I was thinking of this while savoring a pineapple and lemon gelato at Evansville’s West Branch Carnegie just a buck thirty ago. Outside the library was a Music in the Parks concert and, loving music and loving parks, I checked it out. So rarely do I just sit and observe. Concert highlights: three women and one guy line dancing, lots of cold cans in koozies, and the two women sitting close to me singing along to a song whose only lyrics I could make out were “sweet strawberry wine”.
It’s not something I noticed right away, and so I’m surprised when I finally do. Even more so than in Kitt’s appraisal of Madison, Wisconsin, this is the whitest place I’ve ever seen. There is nary, not even one, face that is not one of the Benjamin Moore shades of white. Granted, Evansville’s 120 thousand population is 85 percent white, and the country rock band was hammering out Sweet Home Alabama, but still. The band could have been playing air guitars and I still would have known they were country. The lead singer, in jeans and ball cap, was commenting on the food trucks circling the tree-embraced sward, including the one that serves what he called Jello-ato. When he was corrected by a bandmate (“it’s gelato”), he just shrugged “I knew I was going to get that wrong.”

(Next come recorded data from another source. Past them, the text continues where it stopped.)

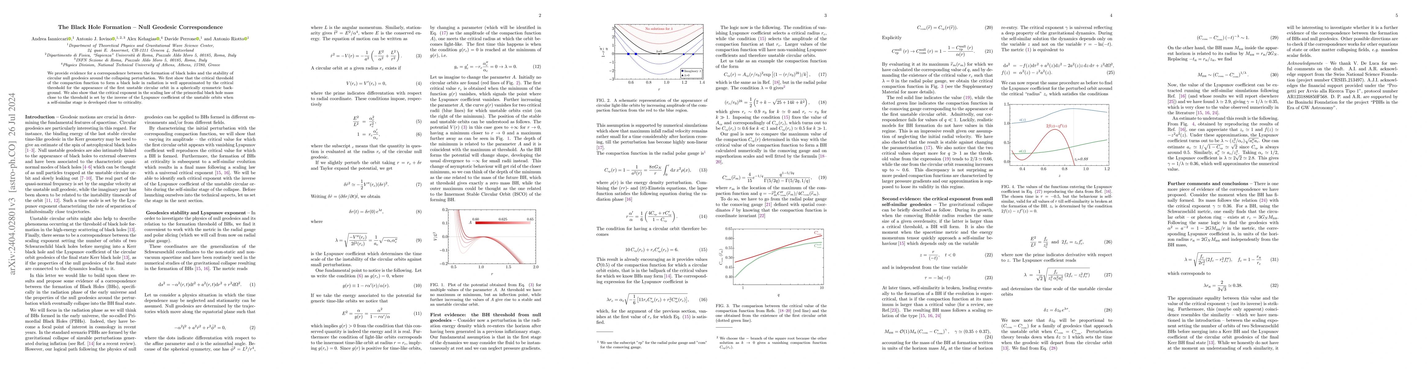 This research demonstrates a link between primordial black hole formation and the stability of circular null geodesics, showing that the threshold for black hole creation correlates with the appearance of the first unstable orbit, and that the mass scaling near this threshold is governed by the Lyapunov coefficient of these orbits.
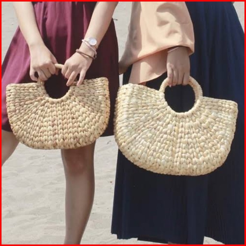 Tas Enceng Gondok Etnik Bali Kiso Pernis Putih
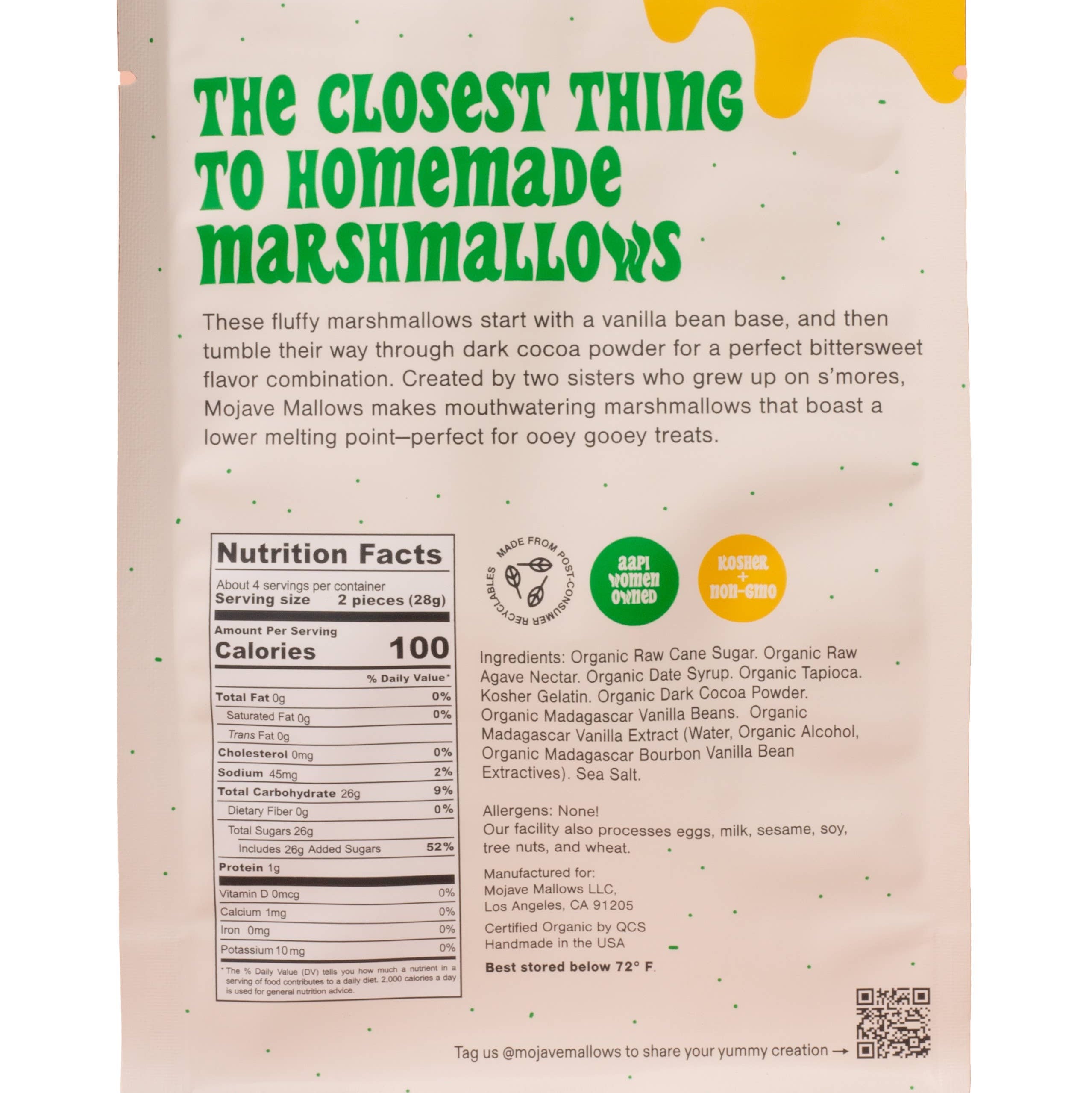 ABOUT THE MAKER: Founded by two former girl scouts, Mojave Mallows is the only organic marshmallow on the market. We use wholesome dates and agave to give our super soft marshmallows a lower melting point and unreal taste that grownups love too.

I had yet one more conversation this evening, at the C&L meeting held at 8 pm in a small white clapboard meeting house. The room was packed when the meeting started, although a half dozen guys slipped out shortly after. This meeting was not as white as the concert. One black guy got a big round of applause when he picked up his “24 Hour” chip. I imagined that one young woman, with fine features, pink toenails in tan Birkenstocks, and hair put up in the casual summering at Martha’s Vineyard look, was like Mary Karr. Her face showed sorrow and her body had that I don’t want to be here pose. She took notes throughout the readings, and gradually her posture and face softened. One guy said he had been sober for ten years and so was asked if he wanted to pick up a chip to celebrate that. Yes, and in fact that would be the first chip he’s ever received, as he had been in prison that entire time. A couple of other guys reported having spent years up the river and no one bats an eye. Convicts are as common as coffee cups at some meetings.